Washington, Nov 23: Pakistan Army Chief General Ashfaq Pervez Kayani refused an American request to confiscate the cell phone of jailed LeT commander Zaki-ur-Rehman Lakhvi being used to direct the group's operation from the Rawalpindi jail, reflecting connection between the country's powerful military and the terrorist outfit.
“Kayani rejected a US request that authorities take away the cell phone Lakhvi was using in jail, according to the memo to Secretary of State Hillary Clinton and the National Security Council,” said the investigative news report which was telecast by PBS's Frontline and posted on the website of ProPublica yesterday.
As a result of this Lakhvi continues to direct the LeT operations unhindered from the safe confines of a jail in Rawalpindi.

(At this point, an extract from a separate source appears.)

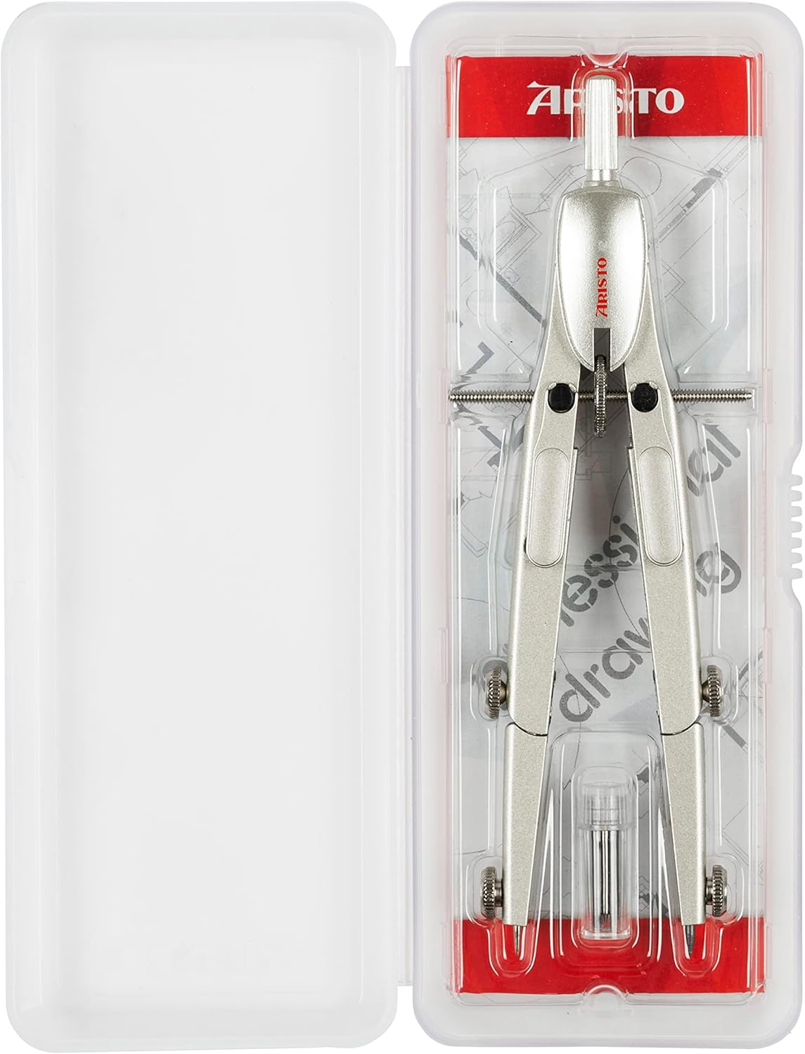 Il compasso di precisione Aristo Studio è un compagno affidabile e indispensabile per studenti, studenti e tecnici nel campo della geometria e del disegno tecnico nella vita quotidiana Premendo le due maniglie di bloccaggio, il compasso può essere regolato rapidamente. Ruotando la ruota centrale del compasso, è possibile effettuare la regolazione fine Entrambe le gambe hanno un giunto e sono pieghevoli. Il meccanismo brevettato impedisce che le gambe si pieghino lateralmente durante il disegno. Il diametro massimo Diametro del cerchio: 340 mm Il compasso laccato argento è realizzato in zinco pressofuso e la testa in plastica. Può contenere inserti, come aste di prolunga o adattatori per perni, con un diametro fino a 4 mm Contenuto della confezione: compasso ARISTO Studio AR55630, scatola da 2 pezzi Mine per compasso e 1 Ago di ricambio, custodia in plastica

According to the PBS/ProPublica joint investigation, during a meeting overseas last summer, a senior US official and Kayani, the chief of Pakistan's armed forces, discussed a threat that has strained the troubled US-Pakistani relationship since the 2008 Mumbai attacks blamed on the Lashkar-i-Taiba militant group.

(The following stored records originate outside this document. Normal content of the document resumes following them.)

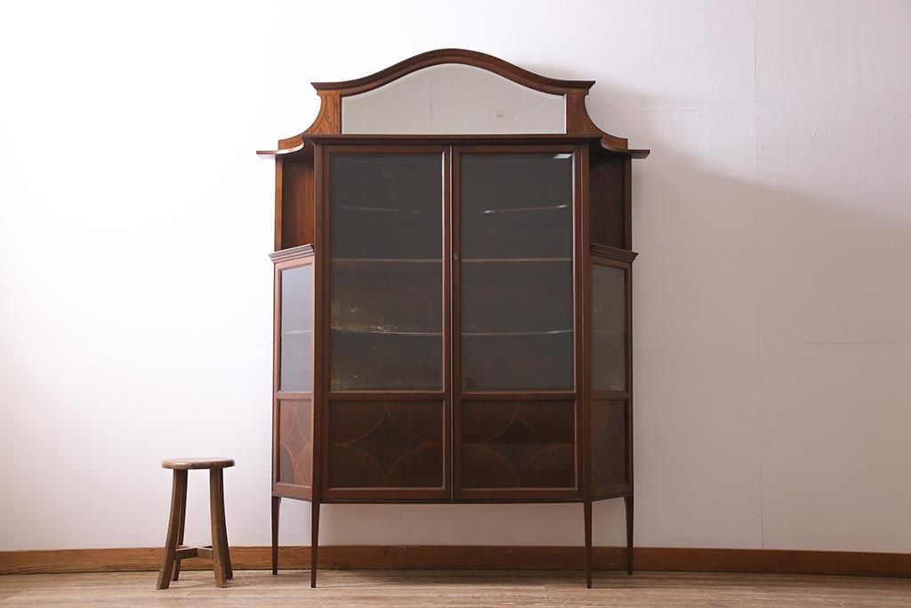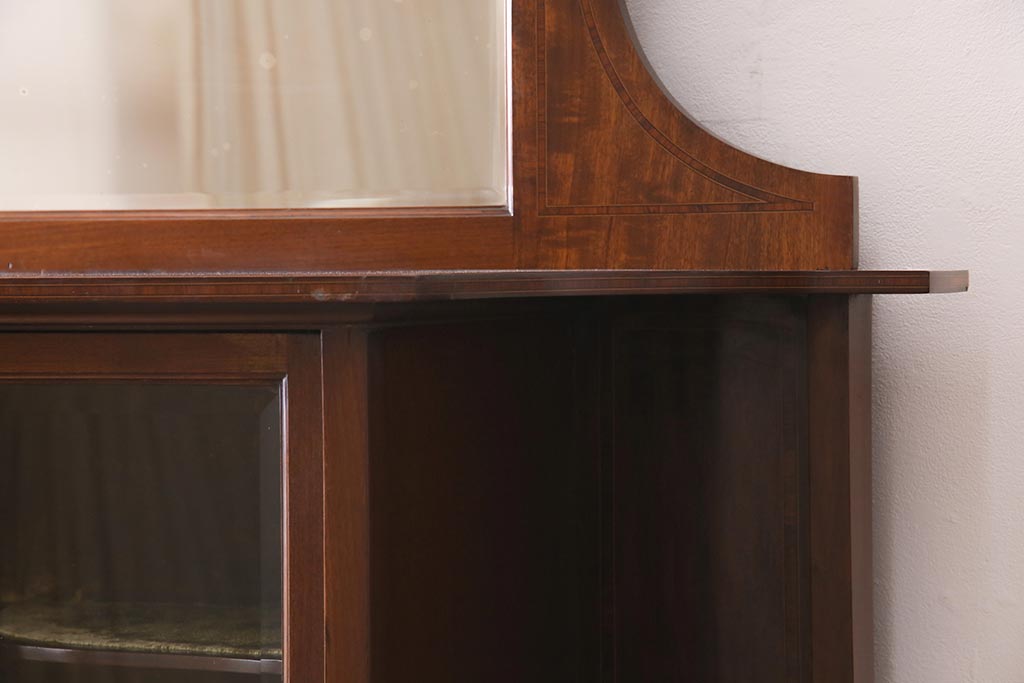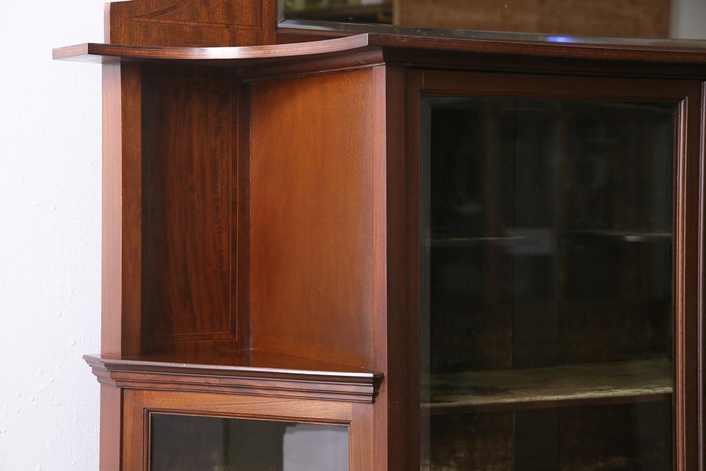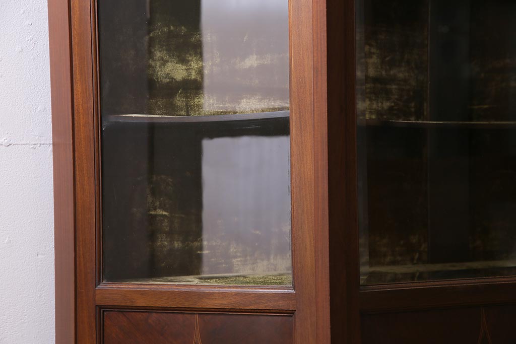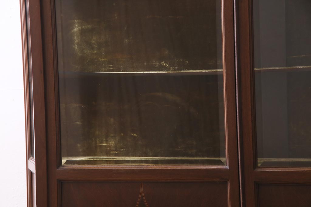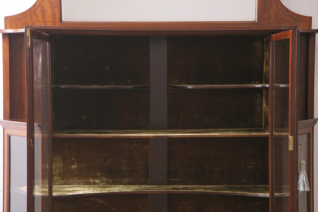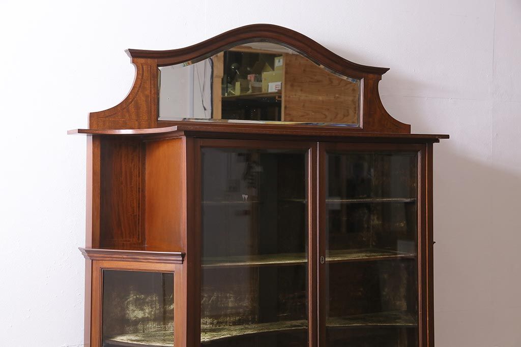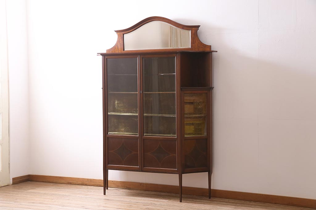 アンティーク家具 イギリスアンティーク マホガニー材 ミラーバック 品の良い象眼細工入りのキャビネット(飾り棚、収納棚)(R-045147)です。
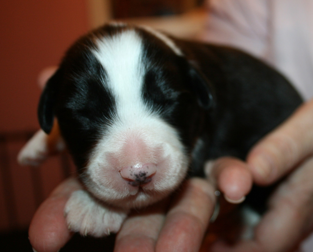 Int-B-Ger-VDH-NL-LUX Ch. Lärkängens at Firstprizebear's black/white HD: B DNA-CEA/CH-CLEAR |
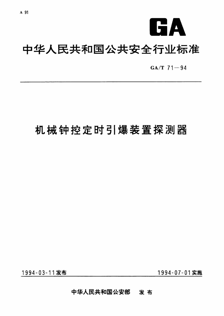 GA/T 71-1994 机械钟控定时引爆装置探测器
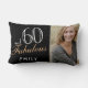60 en Fabulous Elegant Black 60th Birthday Photo Lumbar Pillow. De achtergrond is zwart. Pas het bord aan met je foto, jouw naam en maak je eigen 60ste verjaardag cadeau voor een vrouw.
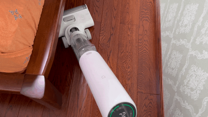 - ③原创「悬浮手柄」(详见上文),配合可「躺平」机身(13.5cm),可以深入床底等低矮家具底部;;
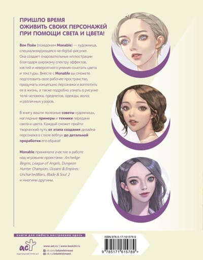 Вон Поён (псевдоним Monable) — художница, специализирующаяся на digital-рисунке. Она создает очаровательные иллюстрации благодаря широкому спектру эффектов, кистей и невероятного умения сочетать цвета и текстуры. Вместе с Monable вы сможете подготовить свое рабочее пространство, придумать концепцию персонажа и воплотить ее в жизнь, а также подробно узнать о рисунке тела человека, предметов, одежды, волос и различных узоров. В книгу вошли полезные советы художницы, наглядные примеры и техники передачи света и цвета. Каждый сможет пройти творческий путь от этапа создания дизайна персонажа в стиле вебтун до детальной проработки его образа! Monable принимала участие в работе над игровыми проектами: ArcheAge Begins, League of Angels, Dungeon Hunter Champion, Oceans & Empires: UnchartedWars, Blade & Soul 2 и многими другими.

The senior US official expressed concern that Lakhvi, a terrorist chief arrested for the brutal attacks in India, was still directing Lashkar operations while in custody, according to a US government memo viewed by ProPublica.
Kayani responded that Pakistan's spy agency, the Inter-Services Intelligence Directorate (ISI), had told prison authorities to better control Lakhvi's access to the outside world, the memo said.